The old gets routine is no longer part of the standard C library. If you are using some other version of gets, such as something supplied for a programming course you are taking, we cannot tell you what the difference between that version and scanf is because we do not have the documentation for that version.
If you are using the old standard gets function, then a key difference is that scanf reads input and converts it to various types. Notably, for %d, scanf reads input and converts a decimal numeral in it to an int. So the corresponding argument is a pointer to an int where scanf will put the converted value. scanf("%d", &n); provides that pointer.
In contrast, gets reads characters and does not interpret them except to look for a newline character which will end the current input. It should be passed a pointer to an array of char where it will put the input.

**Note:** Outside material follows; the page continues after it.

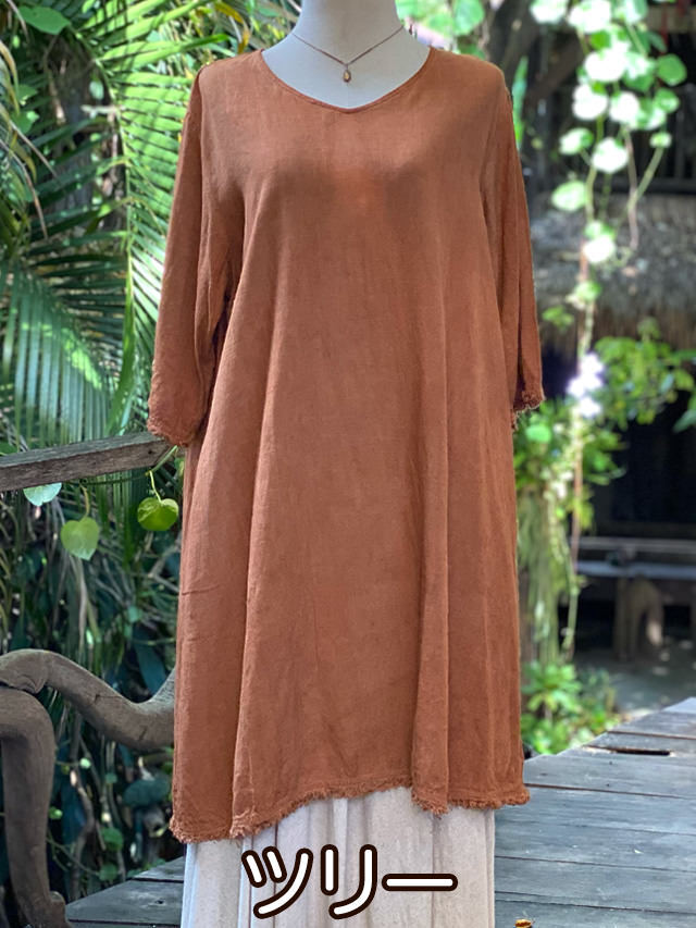 asana HEMP100% テロテロ ゆったり チュニック ワンピース・草木染め (15色)

That old standard gets is not suitable for reading a decimal numeral without further processing, and passing it the int n, as in gets(n), is wrong for two reasons. One, gets needs to know where to put the characters, so it needs a pointer, not an int. Two, gets should be passed a pointer to an array of char, not an int.
The returned value of gets is char*, and it takes a char[] buffer to write to as a parameter.

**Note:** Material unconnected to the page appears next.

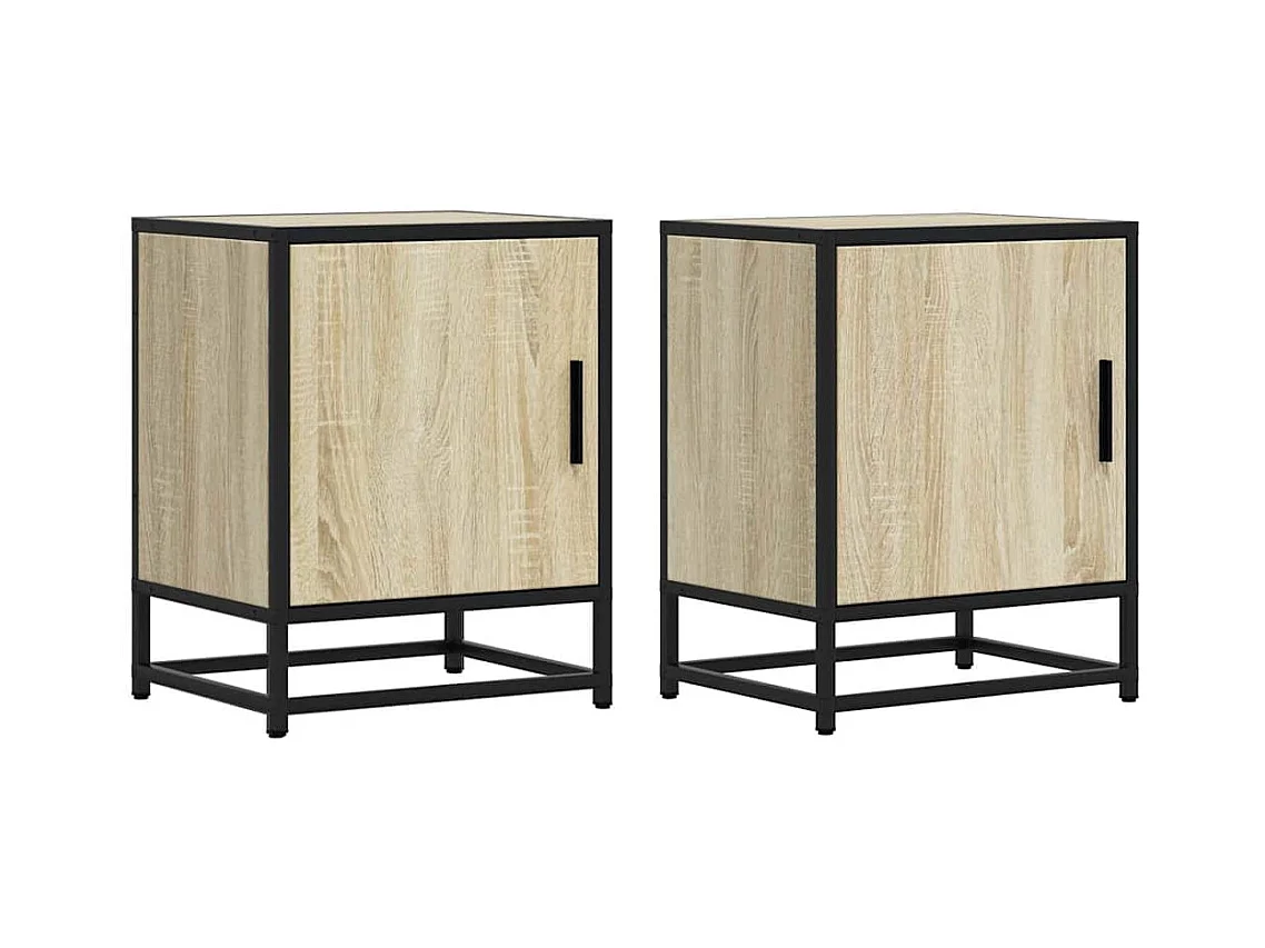 Nachtkastjes 2st 40x31x50cm bewerkt hout en metaal sonoma eiken

It can be (but shouldn't, as it's prone to buffer overflows) used to read a line in. In your case, I guess you could use it and then use something like atoi() or strtol() to read the first or more numbers from a line, but... I guess you were just mistaken about what it did.

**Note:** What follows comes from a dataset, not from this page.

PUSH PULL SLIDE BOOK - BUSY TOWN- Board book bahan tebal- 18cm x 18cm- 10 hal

The functions gets and fgets are used for reading a line of input from the user as a string. In contrast to scanf, it cannot read in a number directly. If you want to convert the string that it reads to a number, then you must do that in a separate step, for example by using the function strtol.
Although the simplest solution to read a number from the user is to use scanf with the %d format specifier, I don't recommend doing that, as that function does crazy things, because it is not designed for line-based input. For example, when the user enters "6sdfh4q", scanf accepts the "6" as valid input, but subsequent calls to scanf will fail, unless you remove the remainder of the line ("sdfh4q") from the input stream manually.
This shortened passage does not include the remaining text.